GIVEN DATA:

========

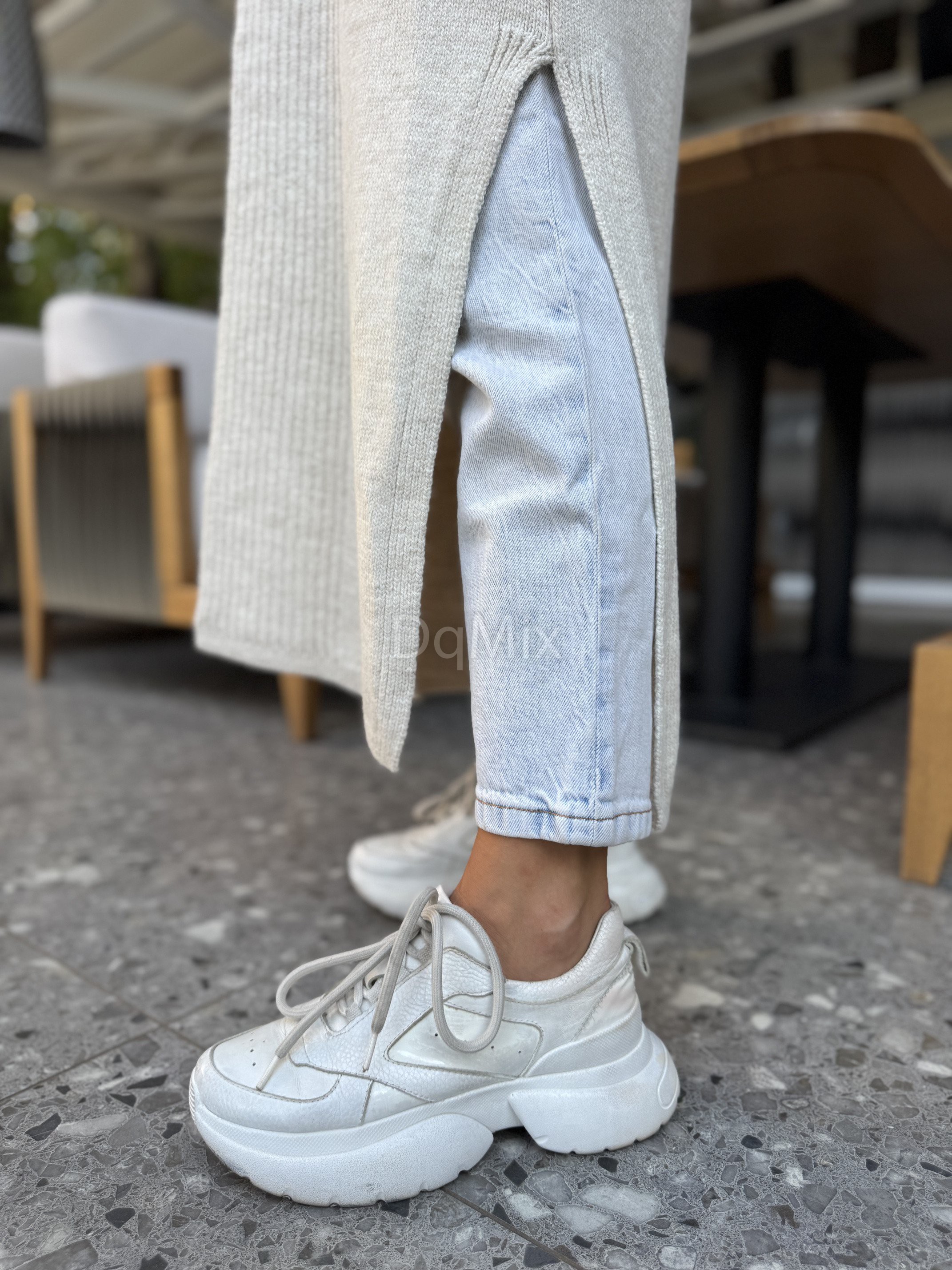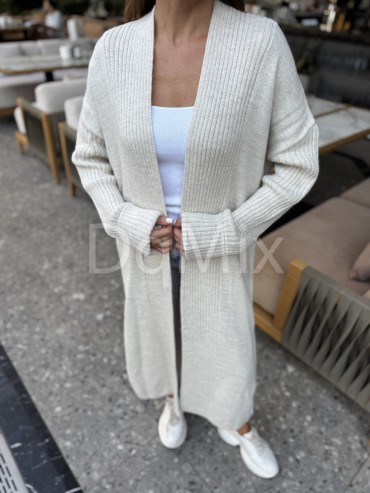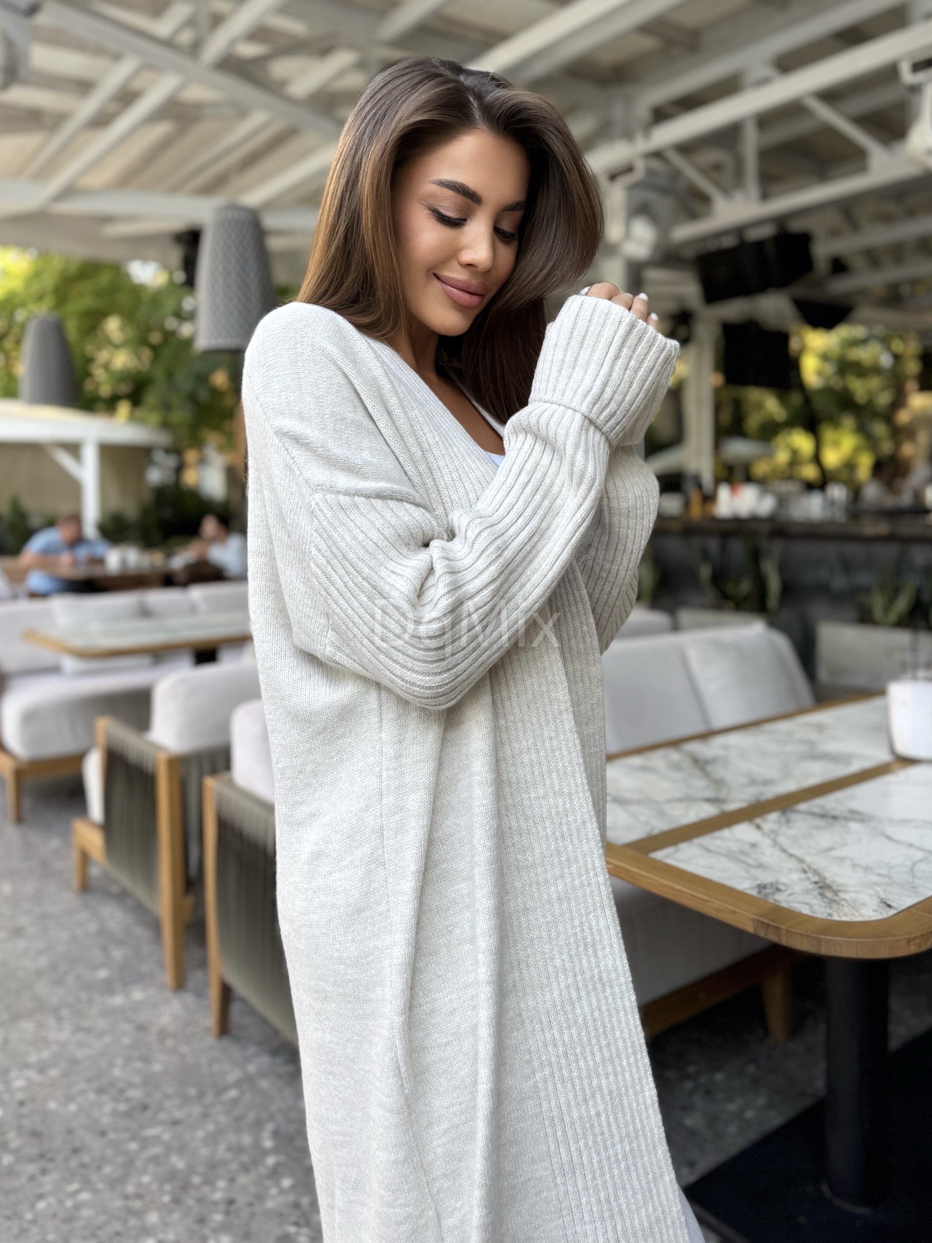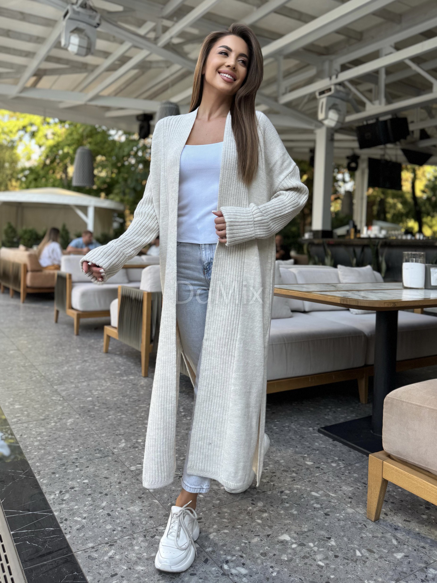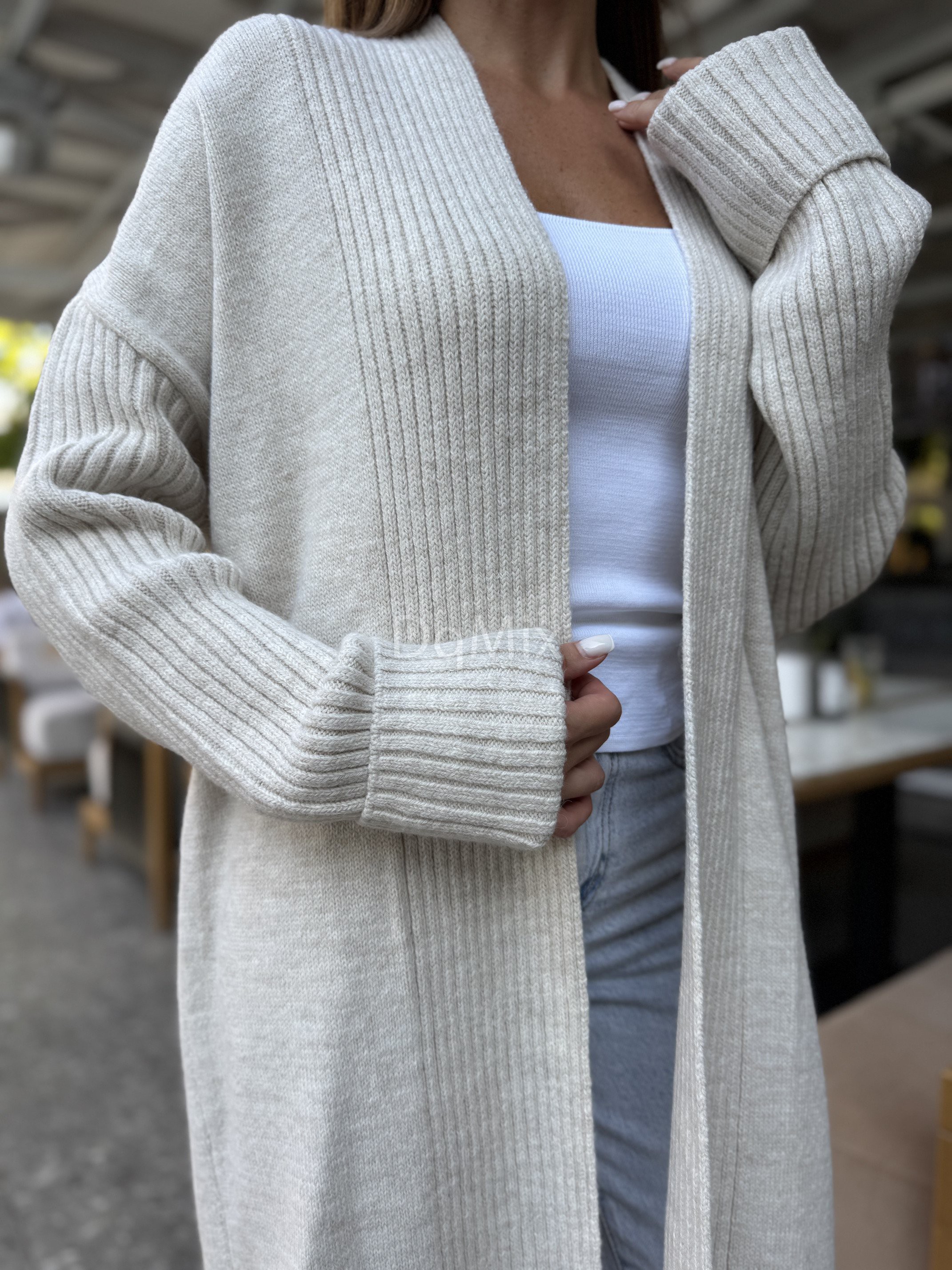 Бежевий подовжений кардиган із манжетом та розрізами прямого вільного крою #92573
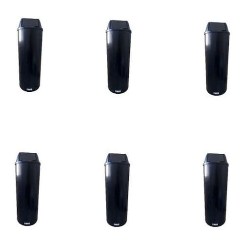 Kit 6 Lixeiras Cesto Alto com Tampa Vai-vem 22L Plástico Abertura Basculante para Cozinha e Escritório Preto
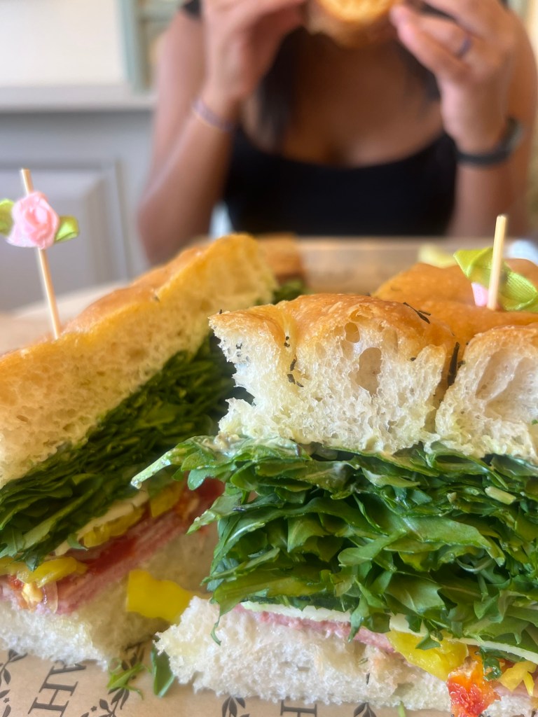 the cameron comes with salami, capicollo, mortadella, smoked provolone, sun dried tomatoes, banana peppers, red onion, fresh basil, italian spices, pesto aioli and salt & pepper served on focaccia. if i were describing sandwich in a few words, i would say: decadent, fresh and flavor-packed!
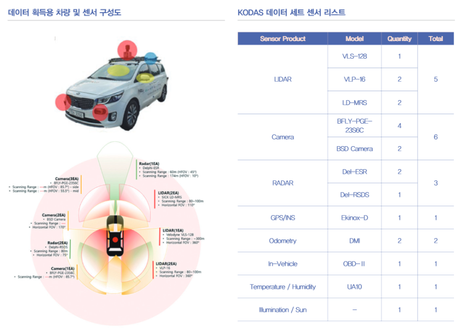 차량의 탑재 센서는 #환경인식센서 5종 16개와 #위치인식센서 3종 4개로 구성되어 있습니다. 환경인식센서는 #LIDAR5대, #RADAR3대, 카메라6대, #온습도센서1대, #조도센서1대이며 위치인식센서는 GPS/INS, DMI, OBD-II 입니다. KODAS 데이터 셋 획득 시스템은 향후 센서의 확장성을 위해 분산식으로 구축하였습니다.

========

TASK ITEM: Copy nothing but the lines from the first one in the listing through the line with "Kit 6 Lixeiras", and omit the pictures.

WRITTEN ANSWER:
 Бежевий подовжений кардиган із манжетом та розрізами прямого вільного крою #92573
 Kit 6 Lixeiras Cesto Alto com Tampa Vai-vem 22L Plástico Abertura Basculante para Cozinha e Escritório Preto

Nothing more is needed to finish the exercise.